助けに来てくれた王子様に安心して、ちょっとイイカンジで気を失ったはずなのに、爆音に脳みそを揺さぶられて目が覚めた。目を開けたら青空が見えたし、私のまわりを一周するように光の膜が張られ、その周囲ではあらゆるものが砕け散っていた。
「いやホントどういうこと!?」
叫んだところで声は自分の耳にも届かない。うるさすぎるのだ。音というのは大きすぎると凶器になるらしい。骨を揺さぶり頭蓋骨も割れそうな音の振動に、私は強制的に完全に覚醒させられた。
「あぁッ生きてる!!まだ噛まれてないな!!よしっ!!今度は間に合った!!」
「なんだってー!?」
「あー生きてるー!!」
いつの間にか真横にいた焦げたマントを纏った王子様が、ワタワタとパニックになって騒いでいる。何も聞き取れなくて、いつものように王子に言い返せば、ぐわっと力の限り抱きしめられた。私の口からはロマンチックさのカケラもない「ぐえ」という声が漏れたが、聞こえてはないだろう。なにせ周りがうるさすぎる。
「君が死んだらどうしようかと思ったよシーラ!」
私の頬を両手で包み込んだ涙目の王子は、私が生きていることを確認するように首に手を当てて拍動を確認する。そして再び勢いのままに私を抱きしめると、耳の真横で叫んだ。

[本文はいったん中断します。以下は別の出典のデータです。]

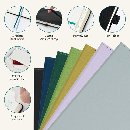 POPRUN Planner 2025-2026 Weekly Notebook (Medium 6.5''x 8.5'') Academic Calendar (JUL.25 - JUN.26) Appointment Book with Monthly Tabs, Leather Soft Cover, Inner Pocket, 100 GSM - Petrol Green
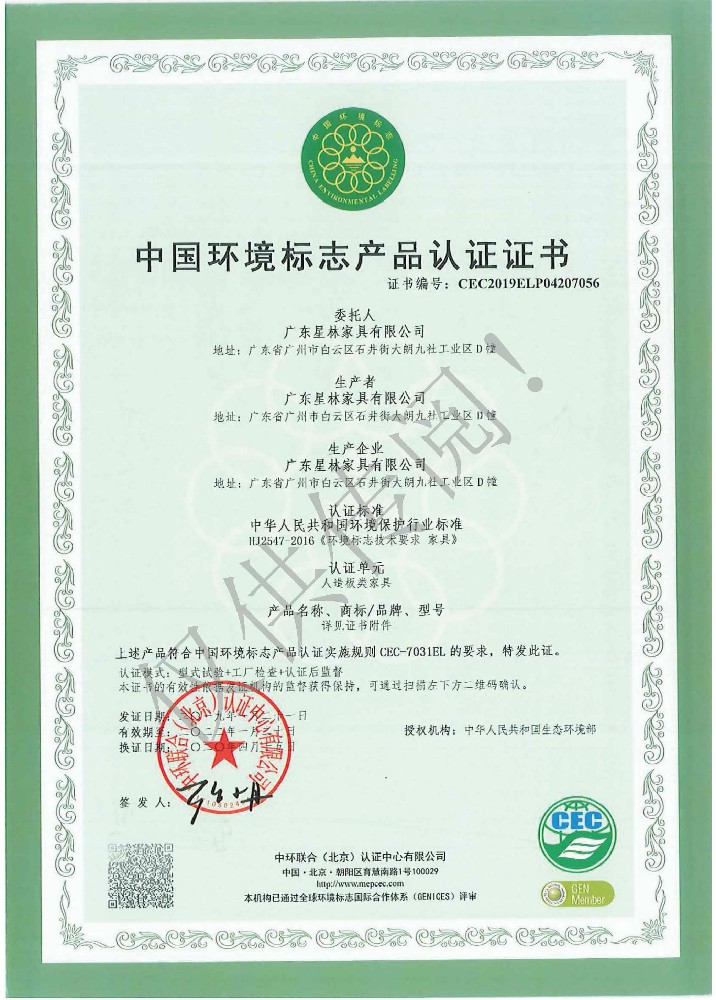 廣東星林家具有限公司創建于家具盛世之期,專業致力于辦公家具、醫療家具、養老家具的開發、設計、生產。公司率先通過ISO9001質量管理體系認證和ISO14001環境管理體系認證及職業健康安全管理體系認證,從而獲得了中環聯合(北京)認證中心有限公司頒發的“中國環境標志產品認證證書(十環認證)”等。
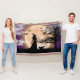 Magical setting for Halloween. A backdrop with a colourful purple-blue, cloudy, night sky with stars and an orange, full moon that has the silhouettes of the a witch, a cat, bats, and a dormant tree.
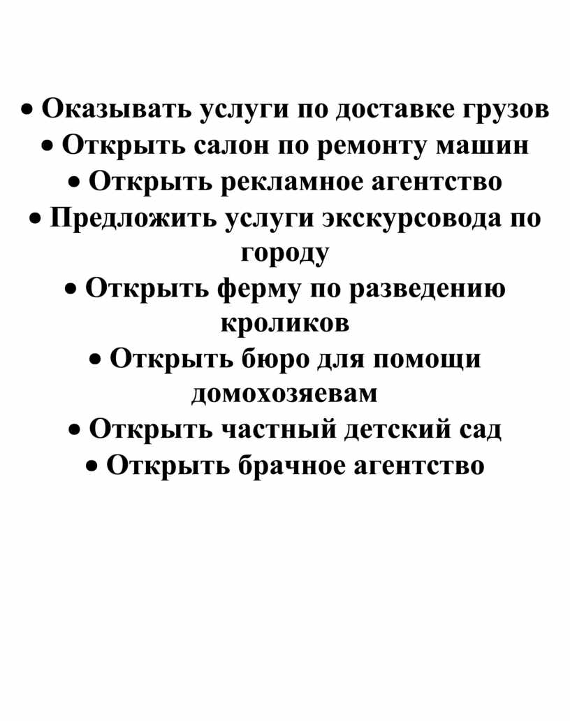 · Открыть бюро для помощи домохозяевам
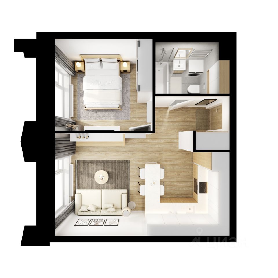 В ''Бусиновском парке'' предусмотрены квартиры с панорамным остеклением, различными балконами, эркерами, угловыми окнами и большим количеством окон — до пяти в одной комнате. В таких квартирах широкий угол обзора: можно пить кофе, наблюдая за жизнью на улице и наслаждаясь ощущением простора. Ещё больше комфорта придаст мягкий солнечный свет, который равномерно осветит всю квартиру. Артикул 947550 (Заст
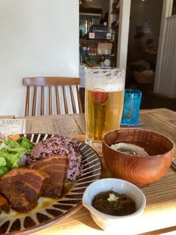 美味しいランチとオリオンビールで、早速古本屋さんで買ってきた本を読んでのんびり。
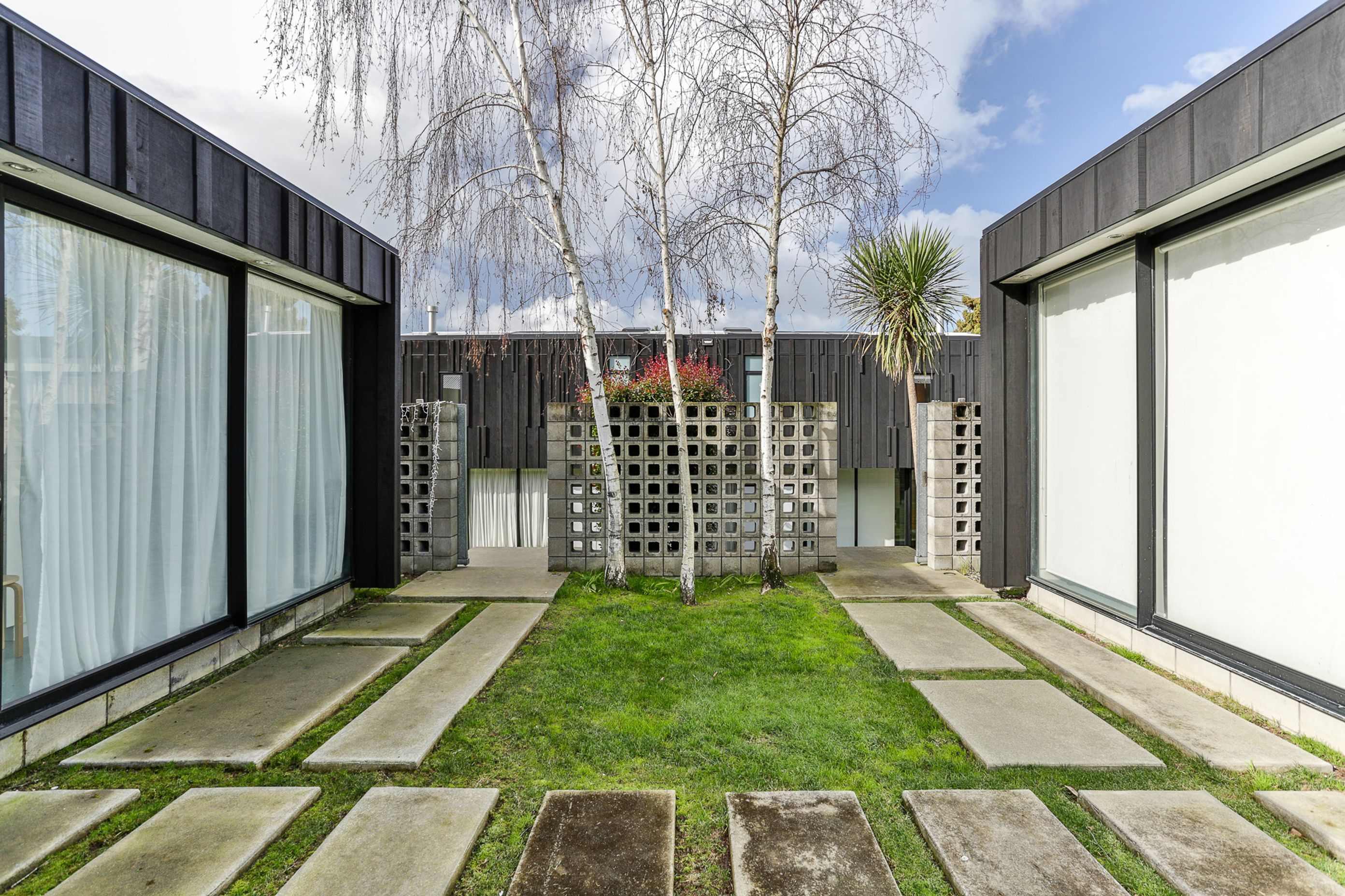 ArchiPro Project Summary - Award-winning multi-unit residential development featuring two townhouses designed for two families, incorporating a central courtyard, studio spaces, and thoughtful landscaping while preserving existing trees and respecting local zoning regulations.

「生きててくれてありがとう!君がまた死んでしまったら、もう僕は生きていられないよ!」
鼓膜が破れそうな轟音の中で揺れる屋敷に、重なる二つの影。恋愛劇ならクライマックスだが、あいにく影は見えないだろう。なにせ周りは燃え盛る業火なのだ。真っ赤?真っ白?これ何色?
「死んでないから正気に戻りなさいこの馬鹿!!」
「痛っ!」
ボコンと頭を叩けば、王子が嬉しそうに笑う。
「なんなのよこれ!?火事!?一瞬気を失っていた隙に何があったのよ!?」
「ごめん、爆破したらやりすぎたんだ!逃げよう!!」
「はぁ!?」
私を軽々と抱きかかえた王子は、足元に白目を剥いて転がっている王弟を何度か思い切り蹴飛ばした。床に散らばる木片や破片にガグッと何度か引っ掛かりながら転がり、王弟は割れた窓から落ちていく。
「あ、窓枠でどっか切ったかな?まあいっか」
「どうでもいいわよ!私たちも燃えて死ぬわよ!?」
おおお!という男たちの野太い声がする。破壊された窓、というか窓枠から外に蹴り出された王弟が、おそらくは下でキャッチされたのだろう。バキバキになった窓枠の一部が血で真っ赤に染まっているが、私は残念ながらそれどころではない。だって燃え盛っているのだ。周りが。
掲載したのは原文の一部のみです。